Enantiornithes are the most diverse group of Mesozoic birds. Their remains have been collected on every continent except Antarctica, although their fossil record is particularly poor in North America and limited to the Late Cretaceous. The first probable enantiornithines from North America were collected in the 19th Century, and may be referable to Avisaurus archibaldi. Originally, A. archibaldi was described as a member of a new clade of non-avian theropod dinosaurs, the Avisauridae, the first recognized clade of enantiornithines, defined as “the common ancestor of Neuquenornis volans and Avisaurus archibaldi plus all its descendants”.

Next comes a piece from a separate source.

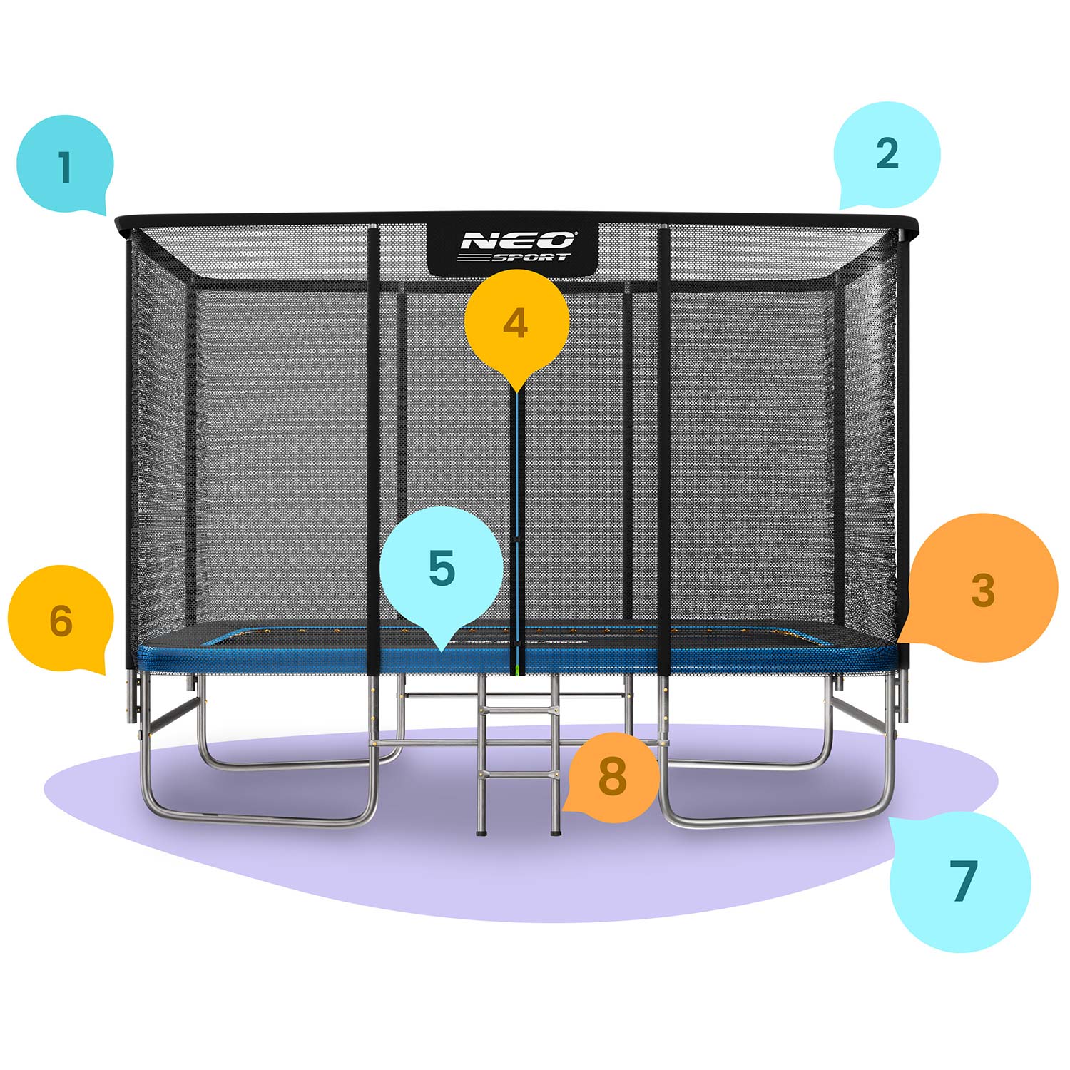 Stelaż trampoliny NEO-SPORT został wykonany z wysokiej jakości stalowych rurek ocynkowanych, odpornych na korozję, promieniowanie UV i intensywne użytkowanie.

The most complete known North American enantiornithine, the so-called “Kaiparowits avisaurid”, was collected in 1992. The specimen was recognized as a new taxon, Mirarce eatoni. Named for its spectacular preservation and level of morphological detail, the holotype (UCMP 139500) of this large, turkey-sized avisaurid enantiornithine is a three-dimensional partial skeleton consisting of several cervical and thoracic vertebrae (including the axis), the pygostyle, almost all phalanges from the left pes and several from the right, a complete humerus, femur, and tarsometatarsus, a partial scapula, coracoid, furcula, and tibiotarsus, as well as fragments of the sternum, radius, ulna, carpometacarpus, and manual phalanges.
The preserved sternal fragment of Mirarce indicates the presence of a well-developed ventral keel, very similar to that observed in Neuquenornis. In modern birds, the narrow furcula and the remige papillae, transfer aerodynamic forces from the feathers to the wing skeleton. These features were also present in Mirarce, and support the hypothesis that at least some lineages of enantiornithines convergently achieved more advanced aerial capabilities by the Late Cretaceous.
The Enantiornithes have a long evolutionary history, and surviving up to the K–Pg boundary. Several trends have been suggested for the group, including: a general increase in range of body sizes; a greater degree of fusion of compound elements, and the appearance of advanced flight-related features evolved in parallel to the neornithine lineage (like manual reduction, loss of teeth, increase in size of sternal keel). It has been proposed that they were primarily forest dwellers, so they disappeared after the Chicxulub impact triggered widespread destruction of forests.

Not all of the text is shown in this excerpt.